*Exercise goal*
Among the entries that follow, the required portion opens with the line containing "DEADLINE: MARCH 1, 2026" and closes with the line containing "This recipe combines". Give that portion again exactly, and nothing else.

*Supplied data*

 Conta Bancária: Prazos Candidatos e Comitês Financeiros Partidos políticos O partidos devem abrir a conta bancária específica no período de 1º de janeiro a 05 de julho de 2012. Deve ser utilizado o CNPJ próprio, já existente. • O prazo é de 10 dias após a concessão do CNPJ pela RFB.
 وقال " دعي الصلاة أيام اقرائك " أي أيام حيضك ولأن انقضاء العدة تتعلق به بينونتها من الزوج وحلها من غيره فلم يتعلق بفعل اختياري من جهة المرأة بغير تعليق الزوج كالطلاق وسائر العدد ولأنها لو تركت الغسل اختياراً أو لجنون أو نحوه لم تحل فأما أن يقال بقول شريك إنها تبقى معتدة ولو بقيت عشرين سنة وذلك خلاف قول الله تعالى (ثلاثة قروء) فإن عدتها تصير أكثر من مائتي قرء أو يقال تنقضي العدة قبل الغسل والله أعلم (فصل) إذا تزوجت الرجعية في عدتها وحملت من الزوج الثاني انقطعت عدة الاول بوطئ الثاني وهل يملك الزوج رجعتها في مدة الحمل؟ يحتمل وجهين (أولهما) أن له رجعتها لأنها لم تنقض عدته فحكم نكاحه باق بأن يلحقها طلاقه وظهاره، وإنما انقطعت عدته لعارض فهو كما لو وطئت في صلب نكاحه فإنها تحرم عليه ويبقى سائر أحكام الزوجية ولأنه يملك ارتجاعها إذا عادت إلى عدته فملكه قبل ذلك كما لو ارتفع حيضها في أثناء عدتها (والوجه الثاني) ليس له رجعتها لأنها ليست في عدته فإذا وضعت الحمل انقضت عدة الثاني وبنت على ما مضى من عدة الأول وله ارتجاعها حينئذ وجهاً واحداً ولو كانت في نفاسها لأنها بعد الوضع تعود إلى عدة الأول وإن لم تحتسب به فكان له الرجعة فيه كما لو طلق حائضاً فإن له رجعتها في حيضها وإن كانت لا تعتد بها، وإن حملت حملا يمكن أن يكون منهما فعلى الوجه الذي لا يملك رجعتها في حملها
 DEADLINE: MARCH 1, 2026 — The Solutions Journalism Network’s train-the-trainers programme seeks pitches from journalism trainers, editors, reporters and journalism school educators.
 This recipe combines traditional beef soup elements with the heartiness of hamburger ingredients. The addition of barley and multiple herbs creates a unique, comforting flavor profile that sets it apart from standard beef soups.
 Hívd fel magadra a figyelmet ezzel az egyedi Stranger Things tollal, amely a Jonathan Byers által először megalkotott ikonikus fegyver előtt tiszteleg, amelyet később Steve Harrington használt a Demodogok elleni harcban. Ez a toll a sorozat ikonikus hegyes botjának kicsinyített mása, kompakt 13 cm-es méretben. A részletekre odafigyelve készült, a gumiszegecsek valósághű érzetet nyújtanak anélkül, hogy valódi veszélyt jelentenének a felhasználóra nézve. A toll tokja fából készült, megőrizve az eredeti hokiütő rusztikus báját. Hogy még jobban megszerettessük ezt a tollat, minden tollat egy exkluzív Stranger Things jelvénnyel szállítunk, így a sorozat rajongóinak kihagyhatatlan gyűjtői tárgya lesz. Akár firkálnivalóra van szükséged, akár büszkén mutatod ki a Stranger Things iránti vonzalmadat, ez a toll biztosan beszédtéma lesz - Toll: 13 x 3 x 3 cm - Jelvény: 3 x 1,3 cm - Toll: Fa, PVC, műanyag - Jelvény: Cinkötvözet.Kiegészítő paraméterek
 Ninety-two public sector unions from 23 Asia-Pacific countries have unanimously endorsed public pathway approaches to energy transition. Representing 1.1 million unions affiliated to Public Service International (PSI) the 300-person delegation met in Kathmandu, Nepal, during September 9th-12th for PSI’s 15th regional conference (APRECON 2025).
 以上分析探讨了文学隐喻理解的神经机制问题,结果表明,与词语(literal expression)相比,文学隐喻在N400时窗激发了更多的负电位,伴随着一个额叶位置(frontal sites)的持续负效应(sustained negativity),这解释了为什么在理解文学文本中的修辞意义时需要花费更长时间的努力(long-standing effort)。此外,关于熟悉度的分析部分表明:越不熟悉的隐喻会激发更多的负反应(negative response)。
...
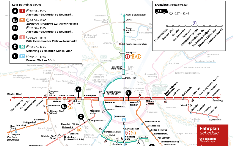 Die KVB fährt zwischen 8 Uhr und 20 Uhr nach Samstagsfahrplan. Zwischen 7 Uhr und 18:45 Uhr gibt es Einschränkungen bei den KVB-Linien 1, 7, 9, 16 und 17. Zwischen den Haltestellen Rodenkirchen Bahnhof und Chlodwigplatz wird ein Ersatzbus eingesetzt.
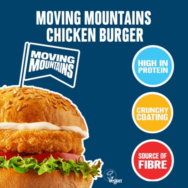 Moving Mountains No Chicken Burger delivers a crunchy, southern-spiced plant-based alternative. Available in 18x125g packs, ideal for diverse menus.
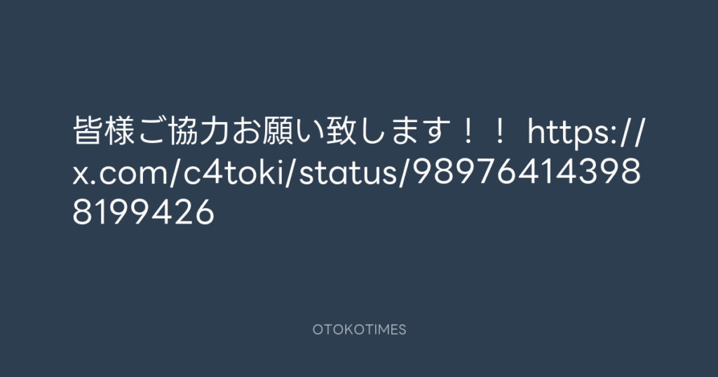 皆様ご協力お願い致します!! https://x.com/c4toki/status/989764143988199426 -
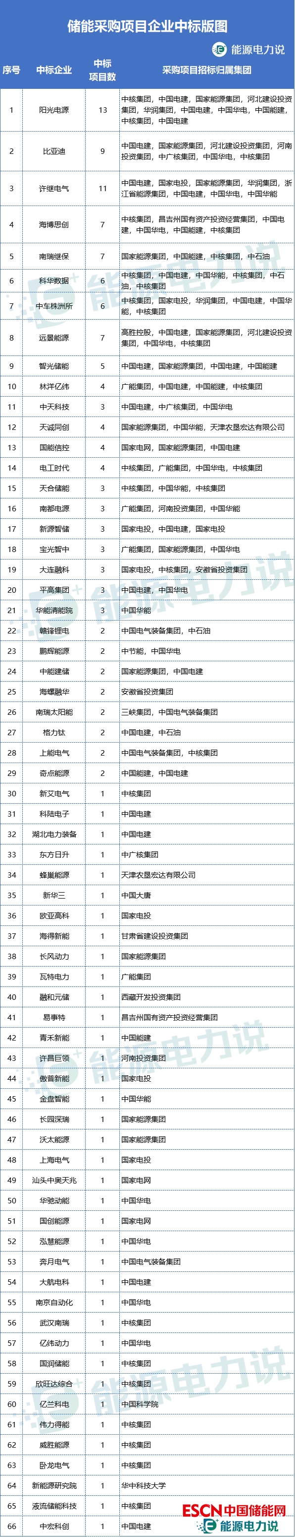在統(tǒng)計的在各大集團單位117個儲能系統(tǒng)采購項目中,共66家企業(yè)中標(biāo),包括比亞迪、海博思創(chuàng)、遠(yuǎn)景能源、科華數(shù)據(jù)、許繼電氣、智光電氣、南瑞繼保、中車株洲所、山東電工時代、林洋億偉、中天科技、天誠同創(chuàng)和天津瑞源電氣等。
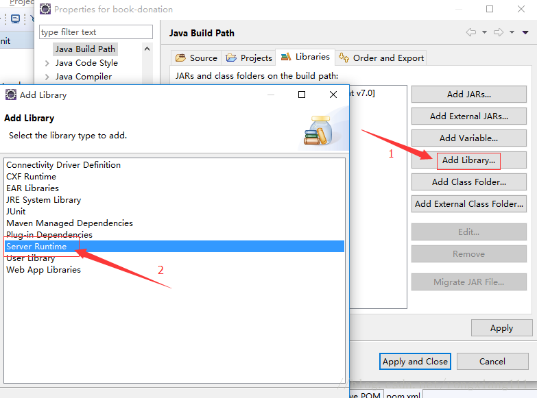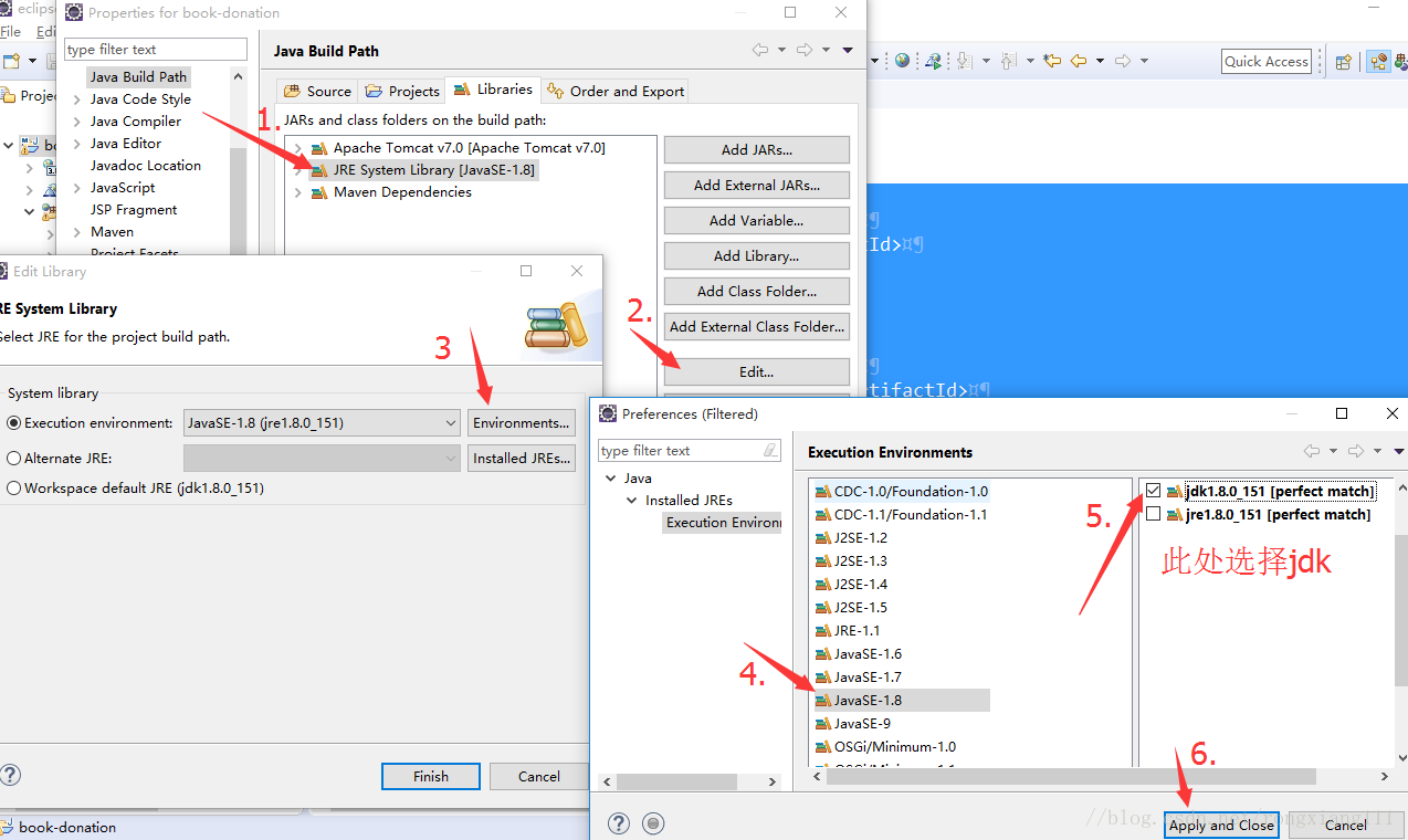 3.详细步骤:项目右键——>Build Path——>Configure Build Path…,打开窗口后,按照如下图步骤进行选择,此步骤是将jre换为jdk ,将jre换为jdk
---
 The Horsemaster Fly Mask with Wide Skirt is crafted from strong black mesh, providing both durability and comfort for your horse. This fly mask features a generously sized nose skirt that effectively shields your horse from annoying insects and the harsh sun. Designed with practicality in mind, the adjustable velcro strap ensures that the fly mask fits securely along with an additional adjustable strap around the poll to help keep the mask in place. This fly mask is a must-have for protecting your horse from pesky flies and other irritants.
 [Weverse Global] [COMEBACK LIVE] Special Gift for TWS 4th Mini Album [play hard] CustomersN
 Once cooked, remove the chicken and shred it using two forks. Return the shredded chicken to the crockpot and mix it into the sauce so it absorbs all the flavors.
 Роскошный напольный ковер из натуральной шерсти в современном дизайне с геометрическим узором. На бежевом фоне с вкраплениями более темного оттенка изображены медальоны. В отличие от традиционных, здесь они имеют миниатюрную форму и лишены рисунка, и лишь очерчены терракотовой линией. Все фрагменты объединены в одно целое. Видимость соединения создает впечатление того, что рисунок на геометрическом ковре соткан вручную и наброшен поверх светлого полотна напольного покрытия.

*Solution*
 DEADLINE: MARCH 1, 2026 — The Solutions Journalism Network’s train-the-trainers programme seeks pitches from journalism trainers, editors, reporters and journalism school educators.
 This recipe combines traditional beef soup elements with the heartiness of hamburger ingredients. The addition of barley and multiple herbs creates a unique, comforting flavor profile that sets it apart from standard beef soups.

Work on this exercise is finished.